Memorial Sloan Kettering has mapped out a structured methodology to define appropriate use criteria (AUC) for advanced imaging exams tailored to our patient population.
Define the Specific Needs of Cancer Patients
We start by looking at a wide range of reasons to use a particular test, known as clinical conditions; patients’ specific diseases; and the related signs and symptoms patients experience. Treatment requirements for oncology patients are very different from those for other patients.
We have created multidisciplinary teams called Imaging Disease Management Teams (IDMTs) that bring together medical experts from across MSK, including radiologists, medical oncologists, and surgeons, to discuss the unique clinical scenarios they observe in our patient population.
The concept of multidisciplinary Disease Management Teams (DMTs) was introduced at MSK more than 20 years ago. DMTs function as the heart of team-based decision-making and innovative research. Specialists from a wide range of disciplines meet regularly to discuss individual patient treatment strategies. The IDMTs are an extension of this well-established model, with a specific focus on advanced imaging.
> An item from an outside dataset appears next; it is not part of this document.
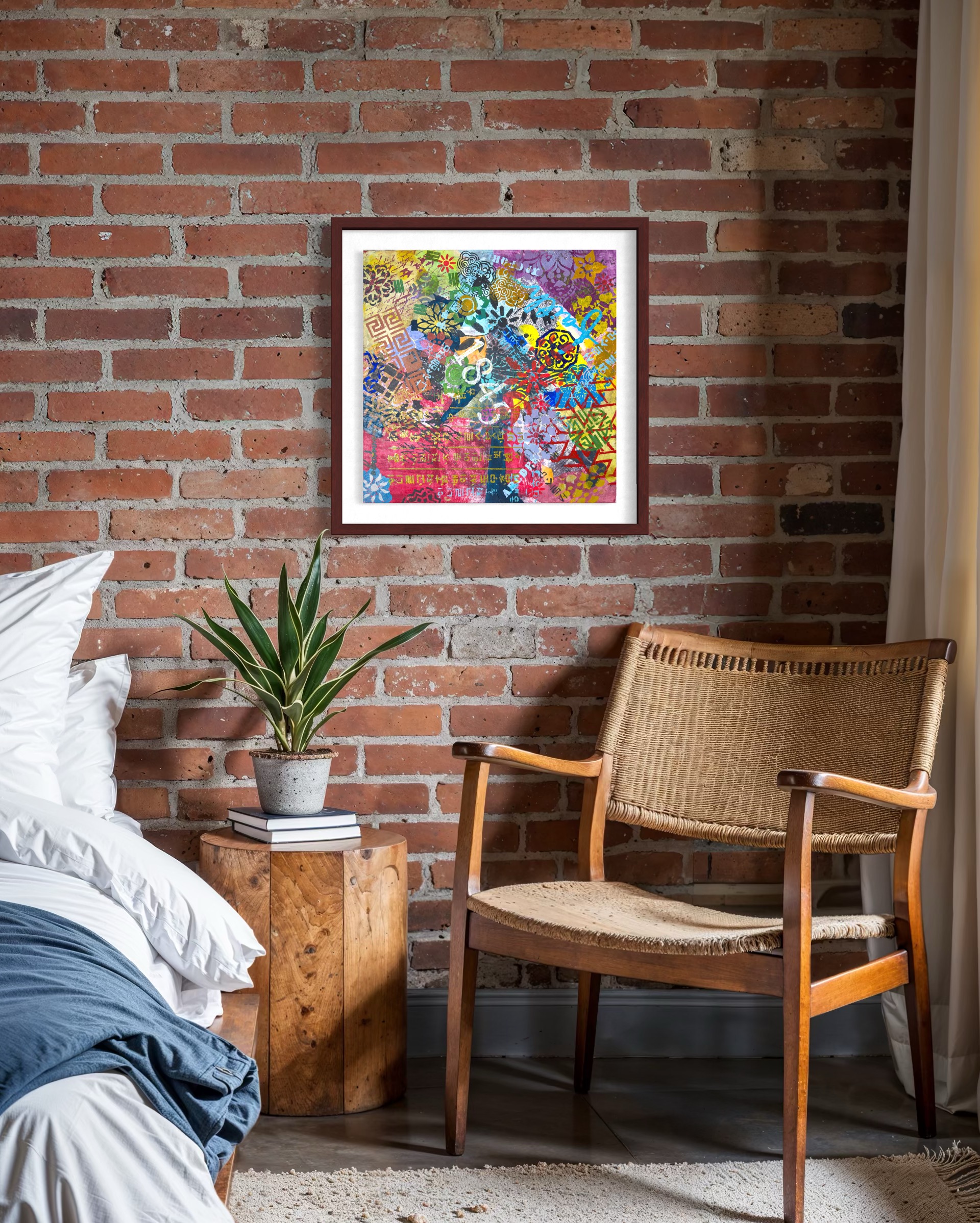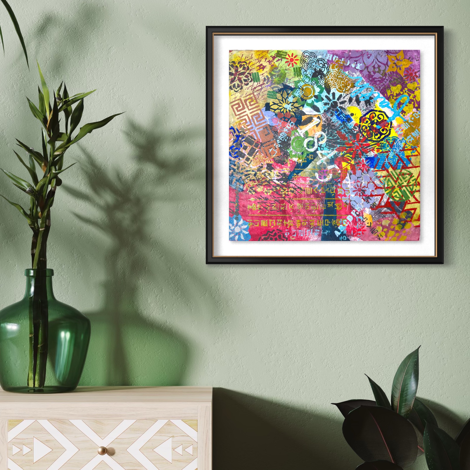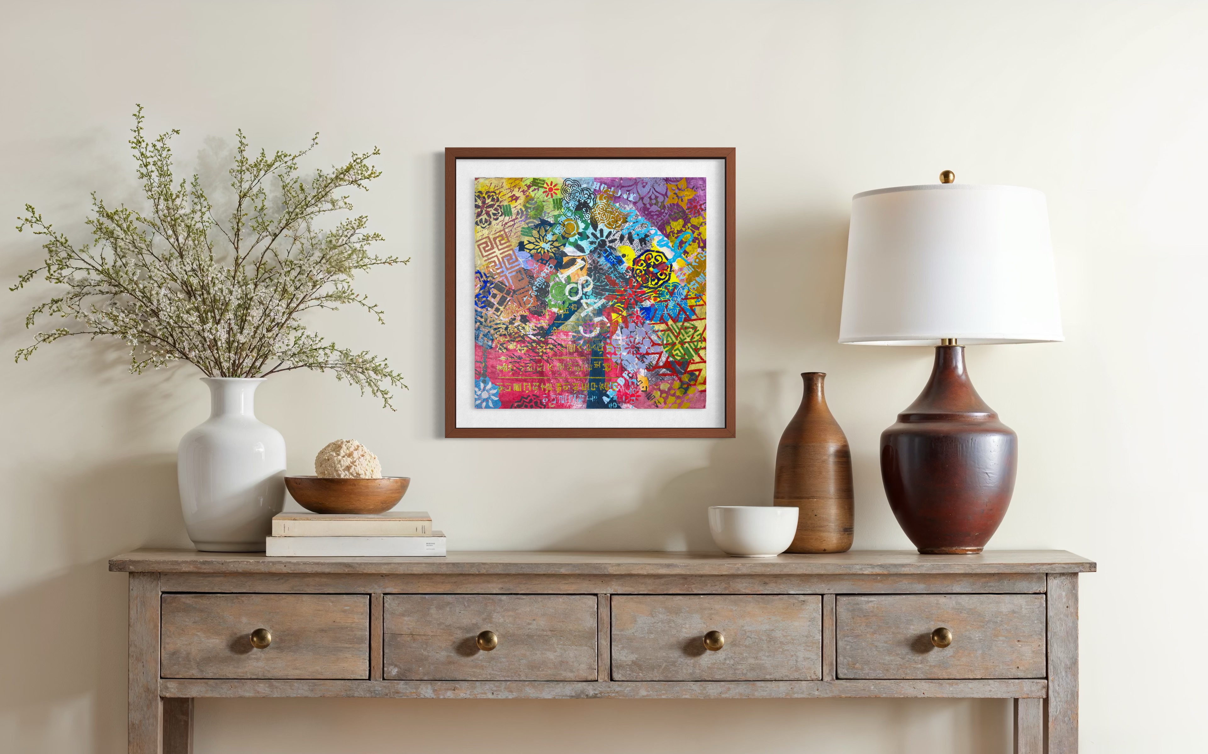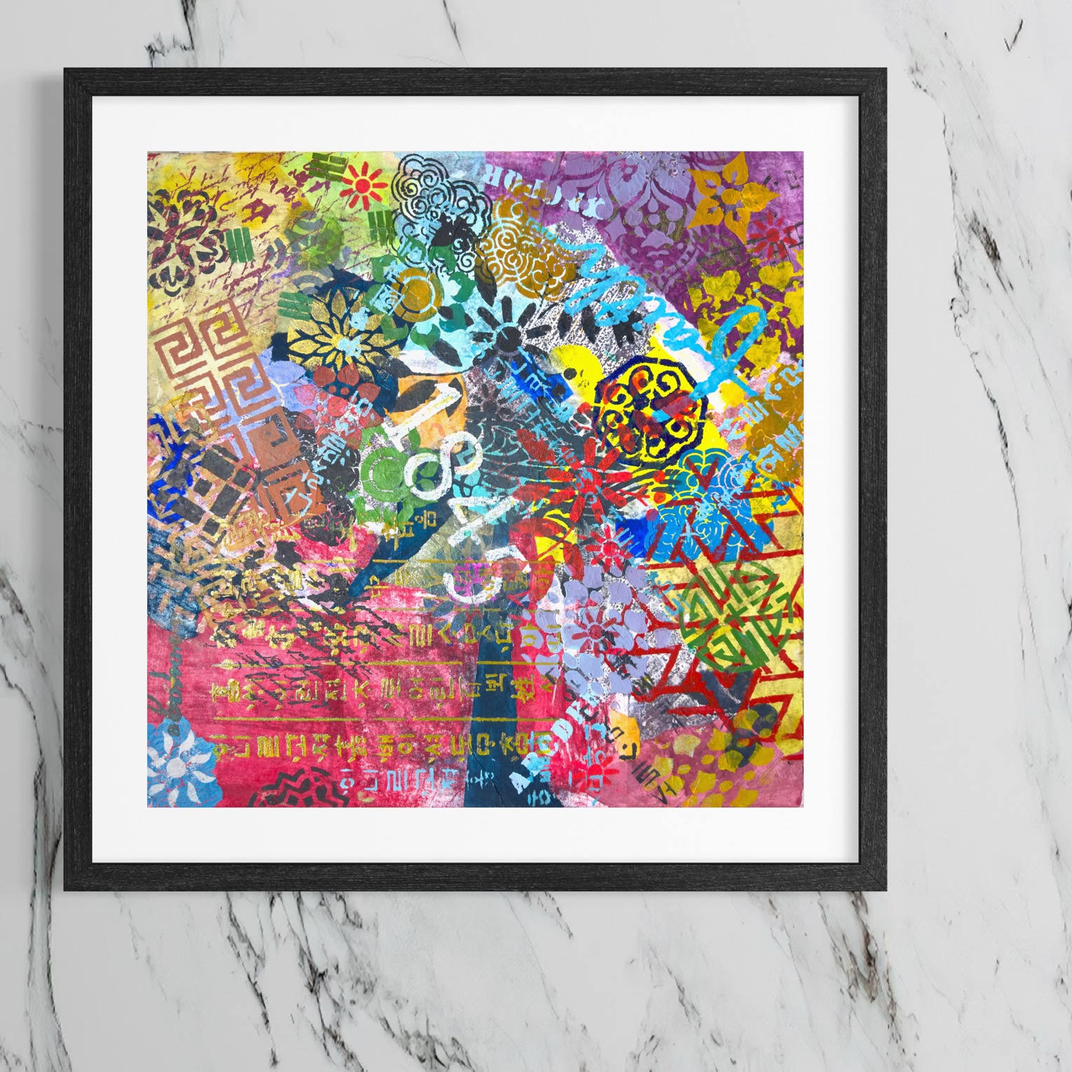 Mixed media on canvas (Dyed hanji and gel-printed hanji collage, acrylic stencil)

Review Existing Scientific Evidence
The Evidence-based Cancer Imaging Program (ECIP) has implemented a structured evidentiary review methodology to create, modify, or endorse AUC for the ordering of advanced diagnostic imaging exams. IDMTs are focused on subspecialized clinical domains based on clinical practice needs, evidentiary gaps, and Priority Clinical Areas (PCAs). We will endorse existing AUC where we determine the quality of evidence provided is consistent with our standards of care, clinically relevant, and valid for the cancer patient population. If our experts determine that existing AUC do not adequately meet our requirements, we will then develop or modify AUC that are more appropriately aligned to our patients’ needs.
The MSK Medical Library is integral to the IDMT process. Working in partnership with the Harvard Library of Evidence, existing medical literature is surveyed to identify what best practices may already exist for medical imaging in these or similar scenarios so that our patients benefit from the collective knowledge of other academic institutions and medical societies.
With that information in hand, the IDMTs apply their in-depth knowledge to determine whether these imaging standards are appropriate for oncology patients. This process is iterative and highly collaborative; our teams work with the MSK Medical Library and biostatisticians to analyze the available data. Grading of evidence is performed independently by two research informationists using the Oxford Centre for Evidence-Based Medicine grading system. IDMT members review and discuss the results of the evidentiary review and then finalize the AUC.
Ensure Our Unique Patient Needs are Met
The advances in science and research associated with identifying optimal cancer care are never-ending. As a result, we are always striving to identify the best solutions. We are continually establishing new IDMTs, monitoring the evidence published in medical literature, and learning from our own internal observations. Our Clinical Council for Cancer Imaging (CCCI) serves as our overall steering committee and governing body to ensure this process stays on point. In the same way that we look to leverage the expertise of others where it exists, MSK also openly shares our knowledge to ensure the best care for oncology patients everywhere.